Senate measure would cut penalties for crack cocaine
This is an archived article that was published on sltrib.com in 2010, and information in the article may be outdated. It is provided only for personal research purposes and may not be reprinted.

A long-standing dispute over huge disparities in sentencing between crack vs. powdered cocaine appears to be headed for a resolution in Congress.

Senate lawmakers reached across the aisle and brokered a landmark deal this week to reduce criminal penalties for defendants caught with crack cocaine, hashing out the terms in, a congressional gym.

Opportunity struck when Sen. Majority Whip Richard Durbin, D-Ill., encountered colleagues Jeff Sessions, R-Ala., and Orrin Hatch, R-Utah, in the Senate gym early Thursday. Durbin sent his aides an e-mail at 7:35 a.m., outlining the terms of his offer. The deal was sealed with a handshake two hours later.

The often-divided Senate Judiciary Committee unanimously passed the measure 19-0 the same day, addressing for the first time in two decades a sentencing disparity that has troubled civil rights organizations, prisoners rights advocates and officials in the Obama White House.

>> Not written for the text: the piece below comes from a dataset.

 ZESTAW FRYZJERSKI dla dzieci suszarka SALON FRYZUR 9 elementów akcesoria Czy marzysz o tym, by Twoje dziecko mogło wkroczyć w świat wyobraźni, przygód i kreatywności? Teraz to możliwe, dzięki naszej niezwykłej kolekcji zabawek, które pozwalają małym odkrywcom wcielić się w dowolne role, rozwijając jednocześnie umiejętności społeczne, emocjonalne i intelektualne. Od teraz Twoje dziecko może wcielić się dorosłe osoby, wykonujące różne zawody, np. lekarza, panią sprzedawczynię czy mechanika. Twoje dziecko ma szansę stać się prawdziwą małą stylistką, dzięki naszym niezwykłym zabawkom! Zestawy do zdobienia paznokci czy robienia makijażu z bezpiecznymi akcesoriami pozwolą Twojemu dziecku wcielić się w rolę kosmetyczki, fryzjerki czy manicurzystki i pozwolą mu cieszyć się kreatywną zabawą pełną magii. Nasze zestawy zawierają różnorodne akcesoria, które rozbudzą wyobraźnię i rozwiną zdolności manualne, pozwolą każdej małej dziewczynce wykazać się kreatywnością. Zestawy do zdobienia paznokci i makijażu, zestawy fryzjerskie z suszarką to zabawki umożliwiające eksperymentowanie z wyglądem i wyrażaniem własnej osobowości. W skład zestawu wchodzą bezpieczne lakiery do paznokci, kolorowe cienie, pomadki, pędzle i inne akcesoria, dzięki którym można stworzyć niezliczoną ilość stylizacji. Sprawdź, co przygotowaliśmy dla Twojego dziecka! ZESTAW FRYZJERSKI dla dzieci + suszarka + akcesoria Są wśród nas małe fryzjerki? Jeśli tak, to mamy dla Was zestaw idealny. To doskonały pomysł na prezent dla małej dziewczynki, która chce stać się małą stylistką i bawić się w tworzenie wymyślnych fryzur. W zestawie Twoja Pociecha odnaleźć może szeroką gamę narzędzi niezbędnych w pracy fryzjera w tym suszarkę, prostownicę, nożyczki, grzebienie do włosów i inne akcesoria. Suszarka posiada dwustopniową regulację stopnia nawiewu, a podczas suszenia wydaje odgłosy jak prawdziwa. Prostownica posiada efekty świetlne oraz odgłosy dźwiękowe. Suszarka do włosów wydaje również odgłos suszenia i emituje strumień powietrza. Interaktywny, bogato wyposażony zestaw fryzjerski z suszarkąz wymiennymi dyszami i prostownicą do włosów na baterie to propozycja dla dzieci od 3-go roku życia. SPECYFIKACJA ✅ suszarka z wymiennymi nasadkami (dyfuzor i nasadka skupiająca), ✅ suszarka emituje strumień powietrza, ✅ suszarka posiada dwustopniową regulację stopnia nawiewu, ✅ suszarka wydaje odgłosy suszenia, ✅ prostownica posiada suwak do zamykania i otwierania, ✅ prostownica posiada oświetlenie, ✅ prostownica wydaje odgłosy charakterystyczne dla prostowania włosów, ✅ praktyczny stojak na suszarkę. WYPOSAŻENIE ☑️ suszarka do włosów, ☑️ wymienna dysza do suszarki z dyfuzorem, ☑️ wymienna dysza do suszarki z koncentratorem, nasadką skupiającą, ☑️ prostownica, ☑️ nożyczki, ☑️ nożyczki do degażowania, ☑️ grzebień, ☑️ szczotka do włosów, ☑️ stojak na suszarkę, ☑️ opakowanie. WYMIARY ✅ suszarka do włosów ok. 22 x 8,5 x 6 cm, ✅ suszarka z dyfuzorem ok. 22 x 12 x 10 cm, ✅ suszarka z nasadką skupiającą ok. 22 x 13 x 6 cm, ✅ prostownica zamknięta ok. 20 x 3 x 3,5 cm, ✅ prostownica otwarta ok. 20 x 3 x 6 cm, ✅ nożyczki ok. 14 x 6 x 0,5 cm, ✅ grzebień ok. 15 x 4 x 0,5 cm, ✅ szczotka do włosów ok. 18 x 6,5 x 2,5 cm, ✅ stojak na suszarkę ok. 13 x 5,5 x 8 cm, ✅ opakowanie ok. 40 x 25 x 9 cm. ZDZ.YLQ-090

The compromise would reduce the sentencing disparity to 18-1 for people caught with crack cocaine versus those who carry the drug in powdered form.

The current ratio has rested since 1986 at 100-1, disproportionately hurting African Americans, who are convicted of crack possession at far greater numbers.

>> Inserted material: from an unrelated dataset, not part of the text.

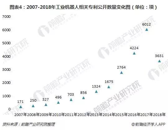 從公開專利數(shù)量來看,2007-2017年,我國工業(yè)機器人專利公開數(shù)量總體上呈趨勢。2017年,我國工業(yè)機器人專利公開數(shù)量為6012項,達到近年來最大值;截至2018年6月,專利公開數(shù)量為3631項。

The Senate bill would increase the amount of crack cocaine required to trigger a five-year mandatory minimum sentence for possession with an intent to distribute from 5 grams to 28 grams. Possessing cocaine in rock form would no longer carry a mandatory minimum prison term, equalizing that penalty to that of other drugs and marking the first time that Congress has overturned a mandatory minimum.